Exercise brief ▸ Where the data below begins, start retyping exactly, and end on the line with "<span class='ref_item'>2 -</span>", which is included; no picture goes in.

++++ Dataset

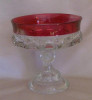 Pedastal bowl that is clear with red lining the top. it has "thumbprints"
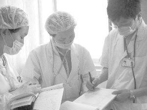刘晓琳(中)正与同事们研究诊治手足口病方案
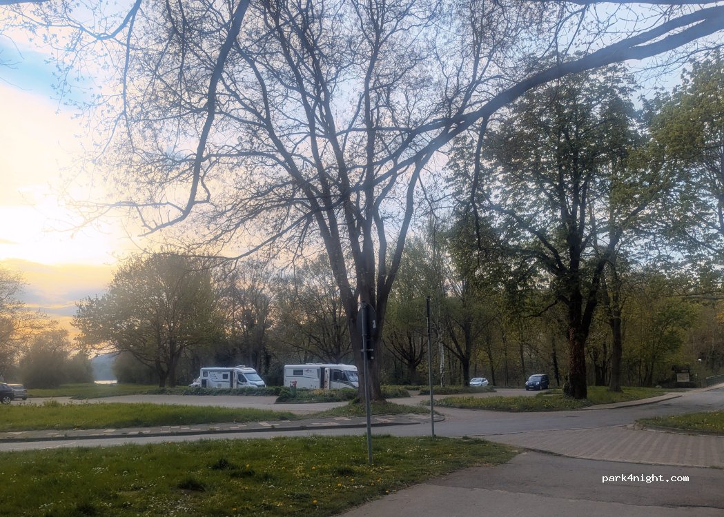 Schöner Stellplatz, direkt an einem See, der zu einem Spaziergang einlädt. Supermärkte fußläufig gut zu erreichen. Die Bahn fährt in unmittelbarer Nähe, hat mich aber nicht gestört. Vielen Dank an die Stadt. Laut Beschilderung parken für max. 24 Stunden.
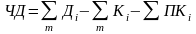 Чистый доход (ЧД); иногда этот показатель называют текущим чистым доходом или накопленным эффектом (сальдо денежного потока по операционной и инвестиционной деятельности за расчетный период или период, в течение которого используется инвестиционный проект). Чистый доход за весь срок использования инвестиционного проекта рассчитывается по формуле 1
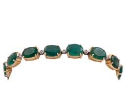 <span class='ref_item'>2 -</span> <span class="object_title">PULSERA EN ORO BICOLOR 14KT, ESMERALDAS Y DIAMANTES</span>  <p><span class="technical_description">Pulsera realizada en oro bicolor de 14kt con esmeraldas en talla oval colocadas en degradé, engastados garras, con un peso total aprox de 30ct. Alternando con diamantes en talla brillante, engastados en chatón sobre vistas en blanco con un peso total aprox de 0.10ct. <br/>Cierre: Caja con lengüeta y doble ocho de seguridad<br/>Longitud: 18cm</span><br>Peso: <span class="PESO_HCES1">17,40</span> <span class="PESOUMED_HCES1">gr.</span><br></p>
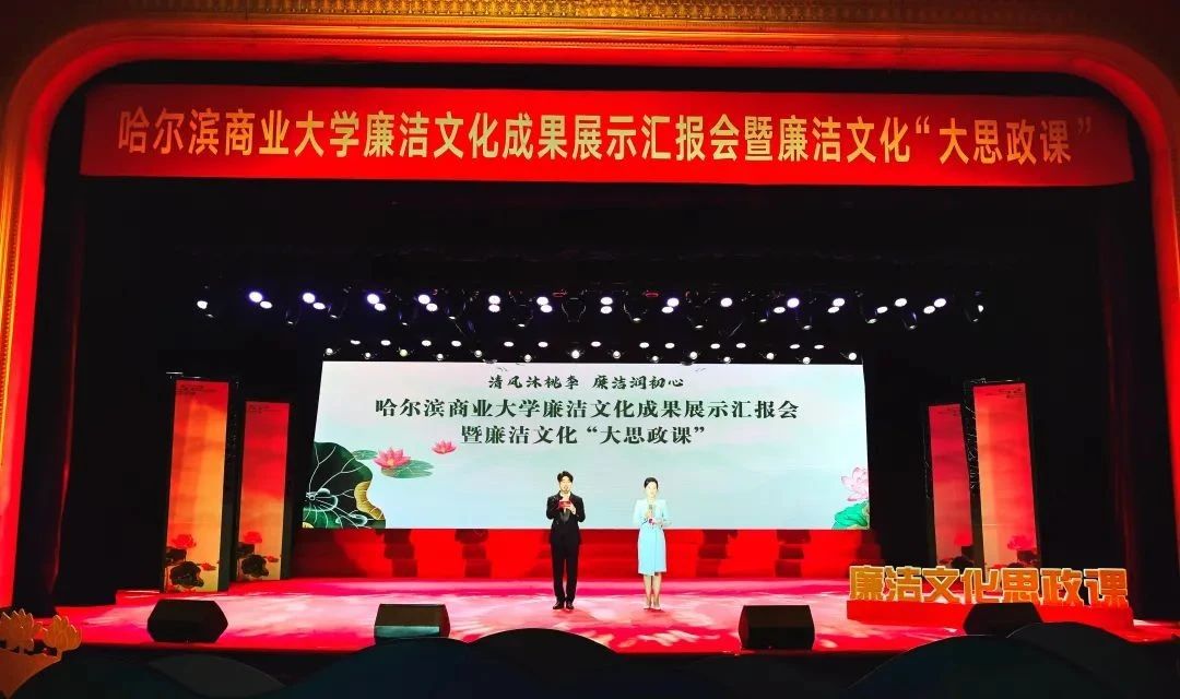 黑龙江网讯(董玮佳 记者 徐楠)12月7日下午,哈尔滨商业大学在南区大礼堂举办“清风沐桃李 廉洁润初心”廉洁文化成果展示汇报会暨廉洁文化“大思政课”,集中展示学校廉洁文化建设成果的同时,持续深入推进大中小学思想政治教育一体化建设,以党员干部师生同上一堂生动鲜活的“大思政课”推动廉洁文化入脑入心。学校领导班子,各基层党委(党总支)书记、副书记,辅导员,思政课教师,以及学生代表共千余人参加活动。
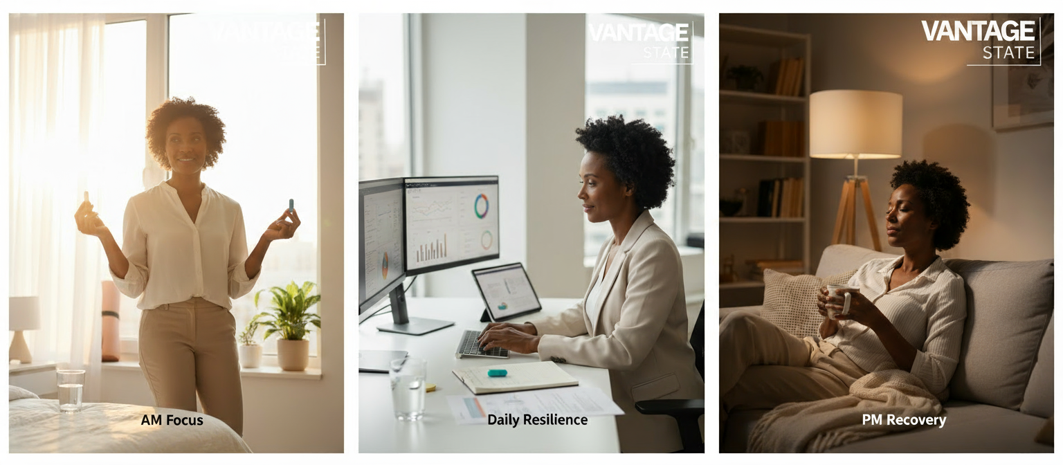 We created Vantage State because we lived it: the long hours, the constant travel, and the relentless client demands that force too many brilliant professionals to sacrifice their health for their careers. We saw a gap in the market for a brand that rejects the "hustle-at-all-costs" mentality. Our supplements are not designed to help you work harder; they are designed to help you perform smarter by operating in the right state—clear, calm, and recovered—when it matters most.

++++++++

Reply to the task ▸
 Pedastal bowl that is clear with red lining the top. it has "thumbprints"
刘晓琳(中)正与同事们研究诊治手足口病方案
 Schöner Stellplatz, direkt an einem See, der zu einem Spaziergang einlädt. Supermärkte fußläufig gut zu erreichen. Die Bahn fährt in unmittelbarer Nähe, hat mich aber nicht gestört. Vielen Dank an die Stadt. Laut Beschilderung parken für max. 24 Stunden.
 Чистый доход (ЧД); иногда этот показатель называют текущим чистым доходом или накопленным эффектом (сальдо денежного потока по операционной и инвестиционной деятельности за расчетный период или период, в течение которого используется инвестиционный проект). Чистый доход за весь срок использования инвестиционного проекта рассчитывается по формуле 1
 <span class='ref_item'>2 -</span> <span class="object_title">PULSERA EN ORO BICOLOR 14KT, ESMERALDAS Y DIAMANTES</span>  <p><span class="technical_description">Pulsera realizada en oro bicolor de 14kt con esmeraldas en talla oval colocadas en degradé, engastados garras, con un peso total aprox de 30ct. Alternando con diamantes en talla brillante, engastados en chatón sobre vistas en blanco con un peso total aprox de 0.10ct. <br/>Cierre: Caja con lengüeta y doble ocho de seguridad<br/>Longitud: 18cm</span><br>Peso: <span class="PESO_HCES1">17,40</span> <span class="PESOUMED_HCES1">gr.</span><br></p>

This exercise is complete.